Motorlu araç istemiyoruz
Yaşam alanımıza otobüs sokulmasını onaylamıyoruz. Adalar’da yürümek, bisiklete binmek ve plakasız, denetimsiz ‘akülü’ kullanmak dışında ulaşım seçeneği yok. Günübirlik turistleri plajlara taşımaya yarayacak otobüsler, iskelede inip evine gitmek isteyen ama yürümekte zorlanan, hasta ya da çok yorgun insanların ihtiyacını karşılayamaz. Motorlu araçlar, adaların her noktasına çok daha fazla kişinin gitmesi demek ki bu da orman yangınlarına, bisiklet kazalarına, atlar ve insanlar üstünde büyük baskıya neden olan turizmi, rant hırsını körükleyecek, yapılaşmayı arttıracak yanlış bir hamle.”
HİÇBİR KOŞULDA ATLI FAYTON İSTEMİYORUZ
HAYKURDER Başkanı Erman Paçalı’ya “Adalar’da ne oluyor?” diye soruyorum. Geçtiğimiz hafta büyükşehir belediyesi ile yaptıkları toplantının detaylarını anlatarak başlıyor ve “Adalar’da faytona sürülen yaklaşık 1200 kadar at İBB tarafından satın alındı ve bakımları da onlar tarafından yapılıyor. İBB bu atları ticari anlamda sahiplendirmek istiyor. Biz buna kesinlikle karşıyız” diyor. Paçalı, “Hayvanseverler olarak sonunda mücadelemizi kazandık. Atların tekrar faytona-ölüme sürülmesine, hangi koşulda olursa olsun, asla ve kata müsaade etmeyeceğiz. Kim ne derse desin! Faytonun nostaljik olduğu öne sürülüyor. Eziyetin nostaljisi olur mu? Elektrikli faytonlar adaların coğrafik ve kültürel yapısına uygun değilmiş! Atların bunca yıldır gördüğü eziyet kültürel yapıya uygun muydu peki? ‘Bakımları yapılacak’ ya da ‘Denetimler sıkılaşsa’ deniliyor. Yapılacak olan denetim de bakım da bugüne kadar niye yapılmadı öyleyse? O atlar yıllarca işkence gördü. Dolayısıyla atlı faytona karşıyız. Sembolik olarak dahi kalmasını istemiyoruz. Bu devirde artık elektrikli fayton kullanılmalı.”

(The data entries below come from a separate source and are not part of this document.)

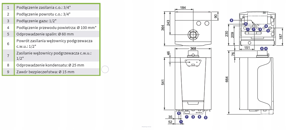 - Typ: Kocioł gazowy kondensacyjny, jednofunkcyjny
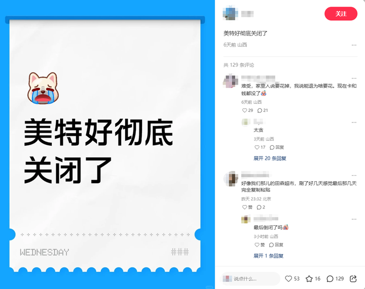 最为明显的表现就是:2025年9月,10月14日,美特好突然关闭14家老旧门店,既未提前预告,也未向消费者解释原因,瞬间引发市场恐慌:“是不是经营不下去了?”“储值卡里的钱会不会打水漂?” 持有储值卡的消费者开始集中涌入门店消费,挤兑现象初现。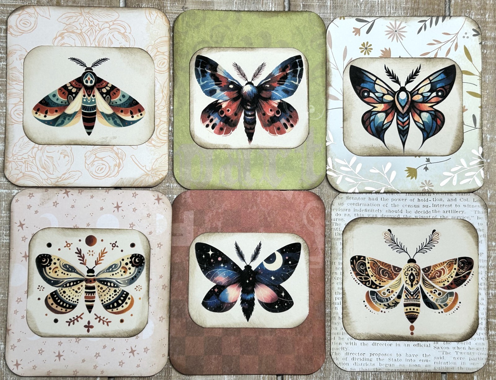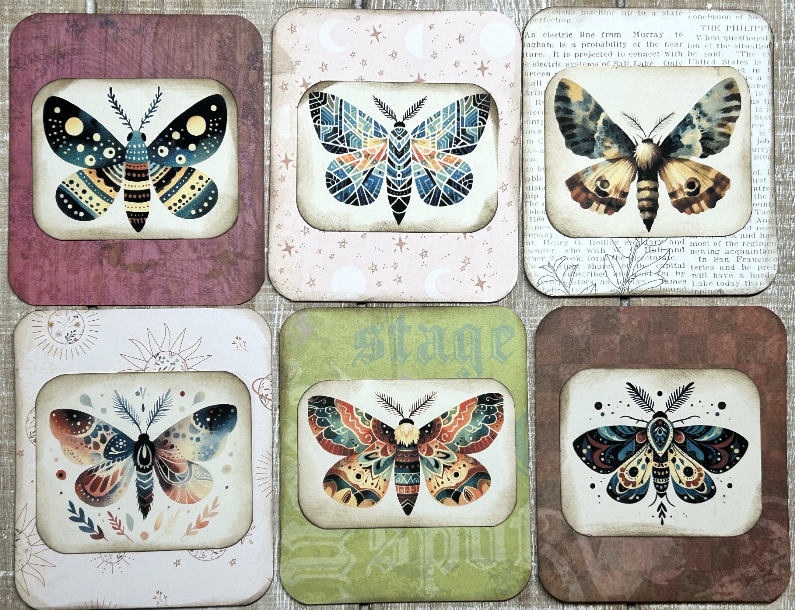 junk journal moth cards scrapbook card making set of 6 journal distressed card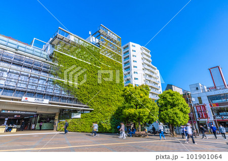 日本の東京都市景観 6月。田園調布駅の復元駅舎などを望む=8日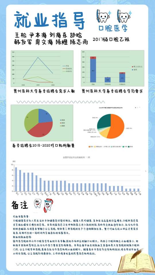 ③饼状图中我们了解到多数口腔医学毕业生毕业后选择本专业就业,证明同学的专业认同度较高。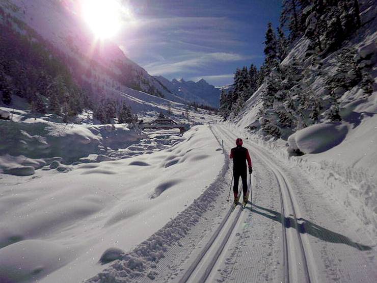Schöne Loipentouren das Tal hinauf auf den Berg zum Gletscher, als Tagesausflug.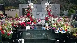 Within a week, three teenage fans had died in copycat suicides. At the wake on May 6, which 10,000 people attended, a 19-year-old girl slit her wrists after laying flowers at the temple, and a car crash caused by sleep-deprived fans traveling from Osaka caused one death and seven serious injuries on a motorway.[30] His remains were buried in Miura Reien in Miura, Kanagawa during a Buddhist memorial service. Approximately 50,000 people attended his funeral at Tsukiji Hongan-ji on May 7, where 56 people were hospitalized and 197 people received medical treatment in first aid tents due to a mixture of emotional exhaustion and heat, with the funeral taking place on the warmest day of the year so far, at 27 degrees Celsius (about 80.6 degrees Fahrenheit).[1][2][30]

ATLI FAYTON İSTEYENLER GERÇEK ADA HALKI OLAMAZ
HAÇİKO Derneği Kurucu Başkanı Ömür Gedik ise atların yeniden faytona sürülmesi ya da farklı bir üslup ile çalıştırılmasına kesinlikle karşı. Gedik, “Adalar’daki atların ortalama ömrü 1.5 -2 yıl. Ki eziyet edilerek kar kış, sıcak soğuk, yokuş demeden aralıksız çalıştırıldılar. Yerinde bir kararla Adalar’daki fayton işkencesi bitmiş, insanı taşıma araçlarına geçilmişken buna karşı çıkıp pankart açanlar, ‘Atlı faytonlar geri gelsin’ diyenler asla gerçek ada halkı olamaz” diyor. Elektrikli araçların şekli, rengi, modelinin medenice tartışılabileceğini de belirten Gedik şöyle devam ediyor: “‘Fayton geri gelsin’ cümlesine tahammülüm yok diyenler bunu gerçek ada halkına bırakarak, başka yere taşınsınlar."